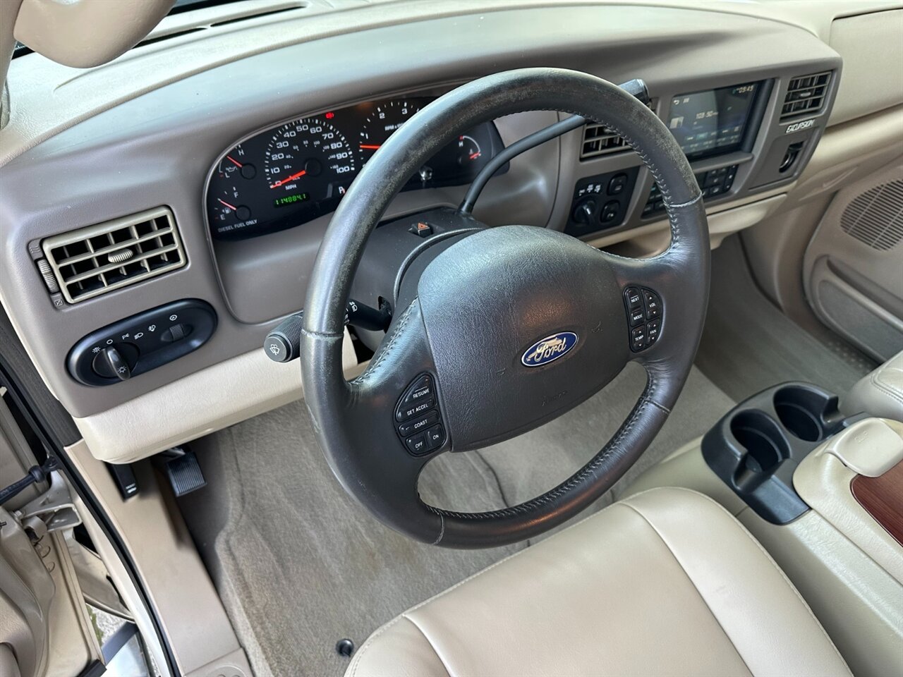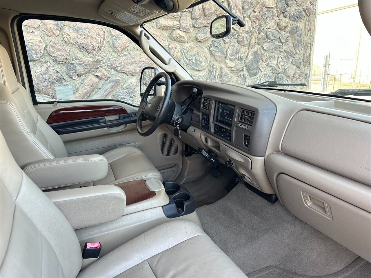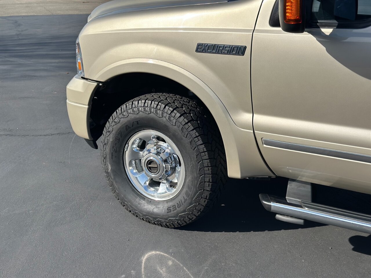 Behold a monumental piece of American engineering and luxury — a 2005 Ford Excursion 6.0L Power Stroke 4x4 LIMITED, “BULLET PROOFED,” finished in commanding Pueblo Gold Clearcoat Metallic with a refined Medium Pebble interior. This is more than an SUV — it’s a rolling statement of capability, comfort, and confidence. Power & Reliability - Powered by the legendary Power Stroke 6.0L Turbocharged Diesel V8 (OHV 32V, FI) producing a commanding 325 hp and a thunderous 560 ft-lbs of torque. Paired to a stout 5-speed automatic transmission, this combination delivers effortless highway cruising, superb low-end torque for towing, and long-haul durability. - Professionally “BULLET PROOFED” to address known weak points on the 6.0L platform — giving you enhanced dependability and peace of mind for years of heavy-duty service. Exterior & Presence - Pueblo Gold Clearcoat Metallic paint that gleams with a deep, glossy finish and shows no rust. The exterior presents in excellent overall condition, fully detailed and show-ready. - Rugged 4x4 capability with factory 4-wheel drive hardware and heavy-duty underpinnings that make this Excursion equally at home on the jobsite or on a cross-country expedition. - Convenient factory side steps included for easy entry and exit. Luxurious Limited Trim — Factory Features in Detail - Seating & Comfort: Premium Medium Pebble leather-trimmed interior with supportive, well-cushioned seats designed for long-distance comfort. Roomy three-row cabin tailored for family or crew, with a focus on quiet refinement and ergonomics. - Climate & Convenience: Dual-zone automatic climate control to keep driver and passengers comfortable no matter the weather. Power windows, power door locks, and power mirrors bring modern convenience to this full-size SUV. - Driver Controls: Tilt steering and cruise control for effortless highway driving and reduced fatigue on long hauls. - Power & Entry: Remote keyless entry and factory power-adjustable seating for quick, easy personalization of your driving position. - Audio & Connectivity: AM/FM radio provides dependable entertainment and clear sound; factory audio layout designed for effective cabin distribution. - Safety & Chassis: Heavy-duty ABS brakes and a suite of factory safety systems engineered for the class — thoughtful crash protection and chassis stability designed into the vehicle from day one. - Utility & Towing: Built on a heavy-duty frame with factory provisions for towing and hauling; sturdy suspension and drivetrain components designed for demanding tasks and long service life. Optional & Notable Equipment Included - AM/FM Radio — factory-installed and integrated for reliable listening. - Side Steps — for easy access to the lofty cabin. - 5-Speed Automatic Transmission — smooth, rugged shifting tuned for towing and highway stability. - The featured 6.0L Turbocharged Diesel V8 OHV 32V FI engine — factory-installed powerhouse. Condition & History - Exceptionally low mileage for its year — below 114,000 miles total, averaging under 6,000 miles per year. - Excellent overall condition: glossy, well-preserved paint, no rust, and a complete professional detail inside and out. - This Excursio
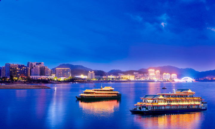 “百年修得同船渡”浪漫主题游线,在中心湖区夜游码头,乘坐梦想系列、千旅之星系列等豪华游船,共赴湖面留影旅途心动记忆瞬间,打卡湖上最美婚姻登记中心,在绿水青山见证下感受“百年修得同船渡”的独特魅力。全程约2小时。
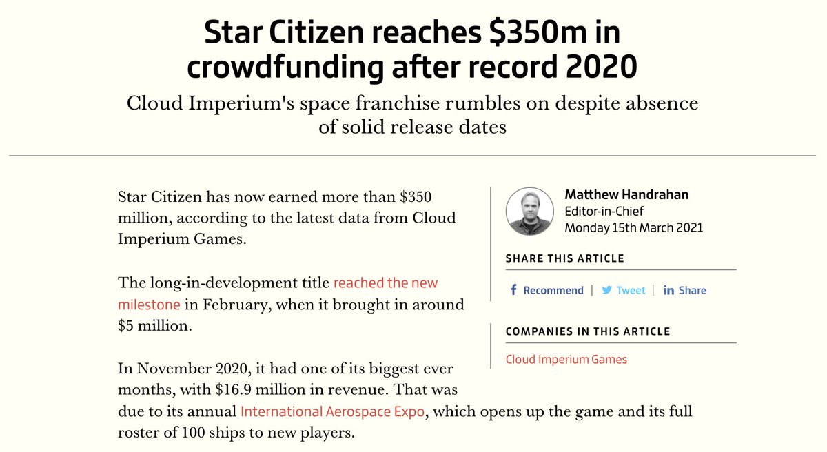 It has raised in excess of $400M over this time. Just over $350 via funding and the remainder via investment with sale of 10% of the company. Star Citizen has its fans. The people that are working on it. The people that see its potential and support it. The investors.
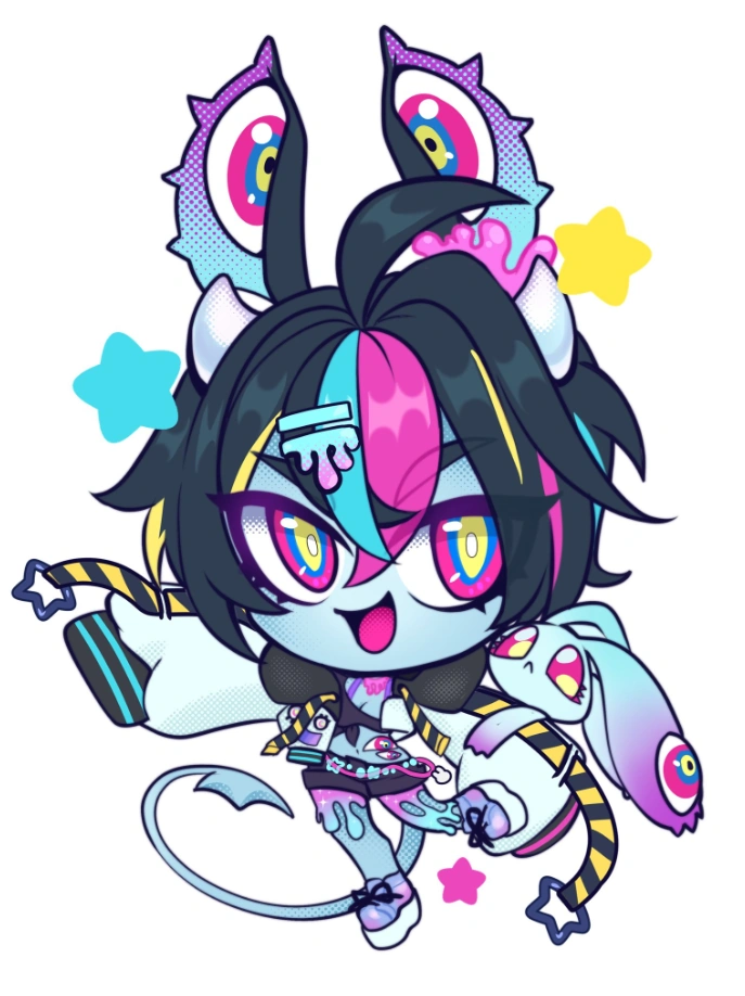 She is a shapeshifting demon girl who has black hair with multicolored highlights, eyes with multicolored irises, a pair of white horns, strange animal ears with eyes, and light blue skin.

▸ **Task brief**: Print all the material above exactly, and drop the images.

▸ **Finished exercise**:
 Behold a monumental piece of American engineering and luxury — a 2005 Ford Excursion 6.0L Power Stroke 4x4 LIMITED, “BULLET PROOFED,” finished in commanding Pueblo Gold Clearcoat Metallic with a refined Medium Pebble interior. This is more than an SUV — it’s a rolling statement of capability, comfort, and confidence. Power & Reliability - Powered by the legendary Power Stroke 6.0L Turbocharged Diesel V8 (OHV 32V, FI) producing a commanding 325 hp and a thunderous 560 ft-lbs of torque. Paired to a stout 5-speed automatic transmission, this combination delivers effortless highway cruising, superb low-end torque for towing, and long-haul durability. - Professionally “BULLET PROOFED” to address known weak points on the 6.0L platform — giving you enhanced dependability and peace of mind for years of heavy-duty service. Exterior & Presence - Pueblo Gold Clearcoat Metallic paint that gleams with a deep, glossy finish and shows no rust. The exterior presents in excellent overall condition, fully detailed and show-ready. - Rugged 4x4 capability with factory 4-wheel drive hardware and heavy-duty underpinnings that make this Excursion equally at home on the jobsite or on a cross-country expedition. - Convenient factory side steps included for easy entry and exit. Luxurious Limited Trim — Factory Features in Detail - Seating & Comfort: Premium Medium Pebble leather-trimmed interior with supportive, well-cushioned seats designed for long-distance comfort. Roomy three-row cabin tailored for family or crew, with a focus on quiet refinement and ergonomics. - Climate & Convenience: Dual-zone automatic climate control to keep driver and passengers comfortable no matter the weather. Power windows, power door locks, and power mirrors bring modern convenience to this full-size SUV. - Driver Controls: Tilt steering and cruise control for effortless highway driving and reduced fatigue on long hauls. - Power & Entry: Remote keyless entry and factory power-adjustable seating for quick, easy personalization of your driving position. - Audio & Connectivity: AM/FM radio provides dependable entertainment and clear sound; factory audio layout designed for effective cabin distribution. - Safety & Chassis: Heavy-duty ABS brakes and a suite of factory safety systems engineered for the class — thoughtful crash protection and chassis stability designed into the vehicle from day one. - Utility & Towing: Built on a heavy-duty frame with factory provisions for towing and hauling; sturdy suspension and drivetrain components designed for demanding tasks and long service life. Optional & Notable Equipment Included - AM/FM Radio — factory-installed and integrated for reliable listening. - Side Steps — for easy access to the lofty cabin. - 5-Speed Automatic Transmission — smooth, rugged shifting tuned for towing and highway stability. - The featured 6.0L Turbocharged Diesel V8 OHV 32V FI engine — factory-installed powerhouse. Condition & History - Exceptionally low mileage for its year — below 114,000 miles total, averaging under 6,000 miles per year. - Excellent overall condition: glossy, well-preserved paint, no rust, and a complete professional detail inside and out. - This Excursio
 “百年修得同船渡”浪漫主题游线,在中心湖区夜游码头,乘坐梦想系列、千旅之星系列等豪华游船,共赴湖面留影旅途心动记忆瞬间,打卡湖上最美婚姻登记中心,在绿水青山见证下感受“百年修得同船渡”的独特魅力。全程约2小时。
 It has raised in excess of $400M over this time. Just over $350 via funding and the remainder via investment with sale of 10% of the company. Star Citizen has its fans. The people that are working on it. The people that see its potential and support it. The investors.
 She is a shapeshifting demon girl who has black hair with multicolored highlights, eyes with multicolored irises, a pair of white horns, strange animal ears with eyes, and light blue skin.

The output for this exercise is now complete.